The pair discussed strategy. The fresh snow was slowing down dogs, and the 30-degree weather was warmer than normal.

Ward led a team of family and friends to care for the Wallins' dogs during breaks. The small caravan of vehicles wound its way up the North Shore as Ero and Colleen glided through the woods.

Ero crossed a frozen lake just after 1 a.m. Tuesday, smiling. He had passed his mom going the opposite direction on a trail loop, and the two gave each other a high five.

The following afternoon, as they prepared to embark on the final leg of the marathon, mother and son embraced again.

"See you soon," Colleen said.

Ero, the youngest musher in the marathon, pulled across the finish line in sixth place Tuesday evening.
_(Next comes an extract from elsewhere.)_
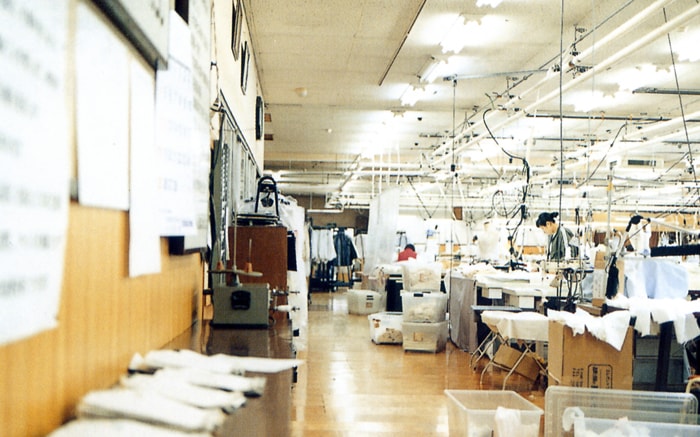 ▲糸魚川にある縫製工場。国内でつくられた生地を織り上げたままの生機の状態で仕入れています。扱いづらい生機を思い描いたようなかたちにできるのは自社制作だからこそ(写真提供:ao)

Family, friends and Beargrease organizers cheered for the young competitor, whom they remembered as a tiny boy hanging around while his mom raced.

Colleen's puppy team arrived in 10th place roughly 2 ½ hours later with an Alaskan husky named Corona ("of the beer litter, not the virus one," Colleen joked) in one of the lead positions.

She had been prepared to not finish the race if the dogs got tired, but their tails were wagging as they received post-race rubs from their musher, who told them she was proud.

"My young, young dogs finished and my young, young son finished," Colleen said. "I just feel so good."

The dogs curled up to rest in piles of hay while Ero slept in one of the nearby trucks. The first of likely many exhausting Beargrease marathons was complete.